■ Brief ■
For this exercise, copy exactly the lines below from the one with "Заправьте салат. Перемешайте." through the one with "10月9日該股主力凈流入1." and leave out the pictures.

■ Given entries ■

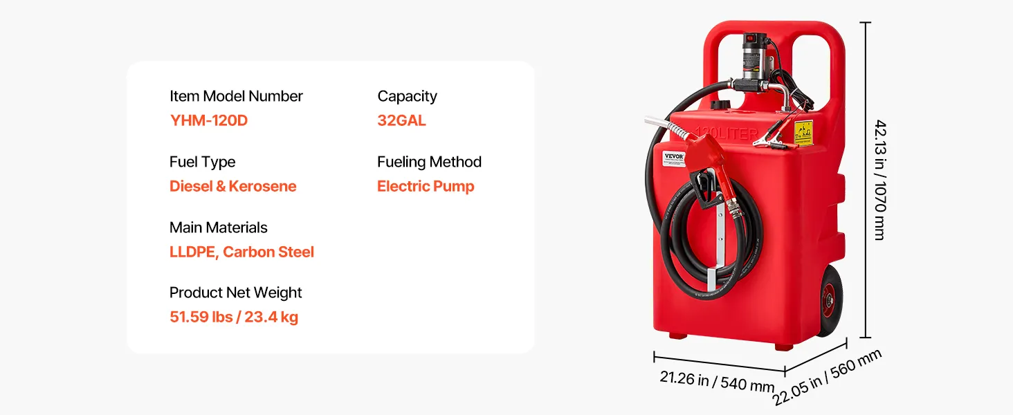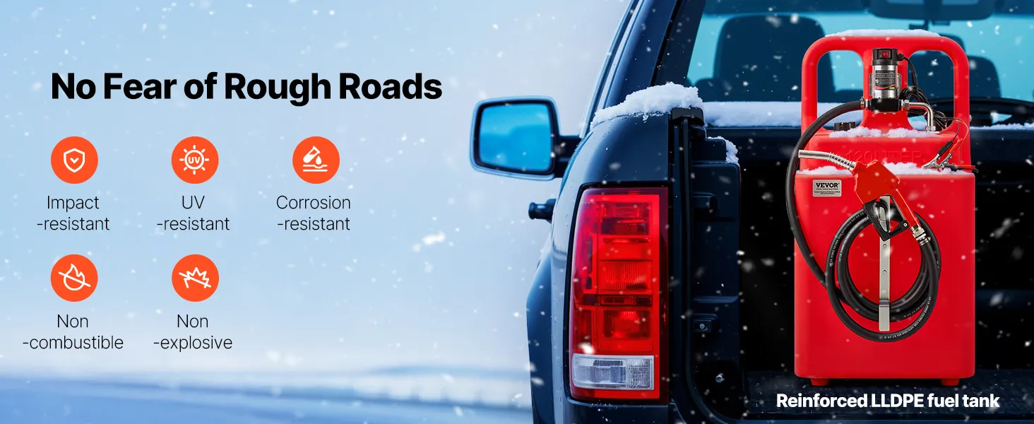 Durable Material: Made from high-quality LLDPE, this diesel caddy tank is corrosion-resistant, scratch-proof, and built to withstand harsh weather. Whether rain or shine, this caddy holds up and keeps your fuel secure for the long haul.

--

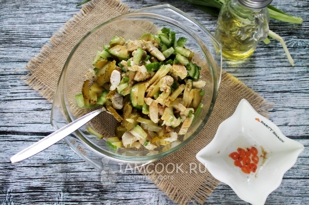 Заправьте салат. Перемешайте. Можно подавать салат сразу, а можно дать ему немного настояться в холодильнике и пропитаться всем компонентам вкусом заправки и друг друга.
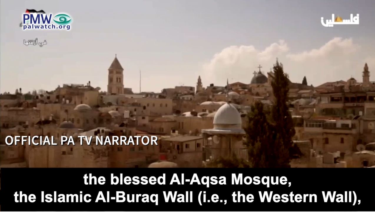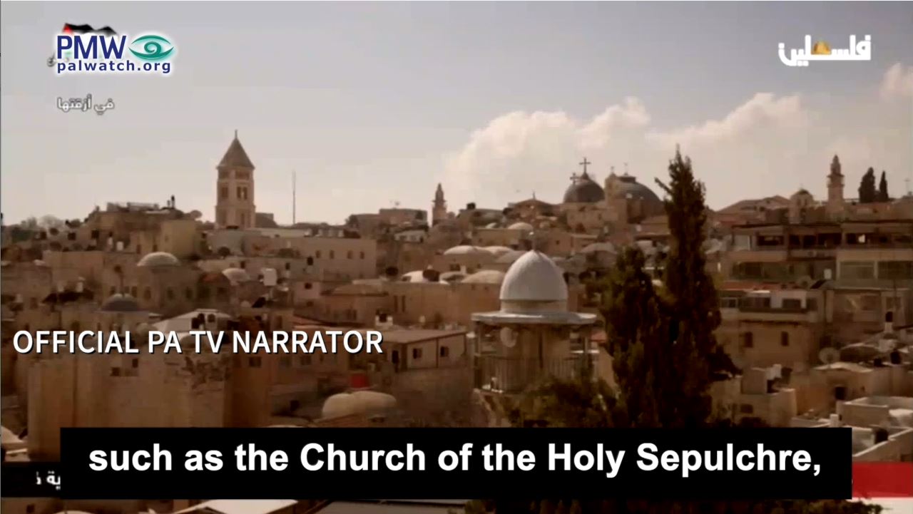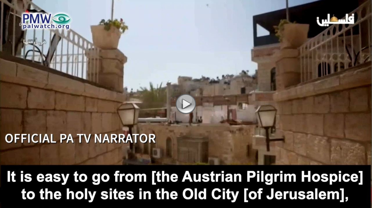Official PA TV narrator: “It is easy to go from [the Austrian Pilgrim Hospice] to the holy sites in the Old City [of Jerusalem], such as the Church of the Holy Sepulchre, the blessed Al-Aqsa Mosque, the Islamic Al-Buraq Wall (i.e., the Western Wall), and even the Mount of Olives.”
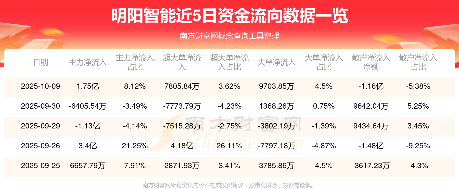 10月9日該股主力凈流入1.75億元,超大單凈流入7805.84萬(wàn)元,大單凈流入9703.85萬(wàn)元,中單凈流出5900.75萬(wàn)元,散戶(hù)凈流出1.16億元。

■ Expected answer ■
 Заправьте салат. Перемешайте. Можно подавать салат сразу, а можно дать ему немного настояться в холодильнике и пропитаться всем компонентам вкусом заправки и друг друга.
Official PA TV narrator: “It is easy to go from [the Austrian Pilgrim Hospice] to the holy sites in the Old City [of Jerusalem], such as the Church of the Holy Sepulchre, the blessed Al-Aqsa Mosque, the Islamic Al-Buraq Wall (i.e., the Western Wall), and even the Mount of Olives.”
 10月9日該股主力凈流入1.75億元,超大單凈流入7805.84萬(wàn)元,大單凈流入9703.85萬(wàn)元,中單凈流出5900.75萬(wàn)元,散戶(hù)凈流出1.16億元。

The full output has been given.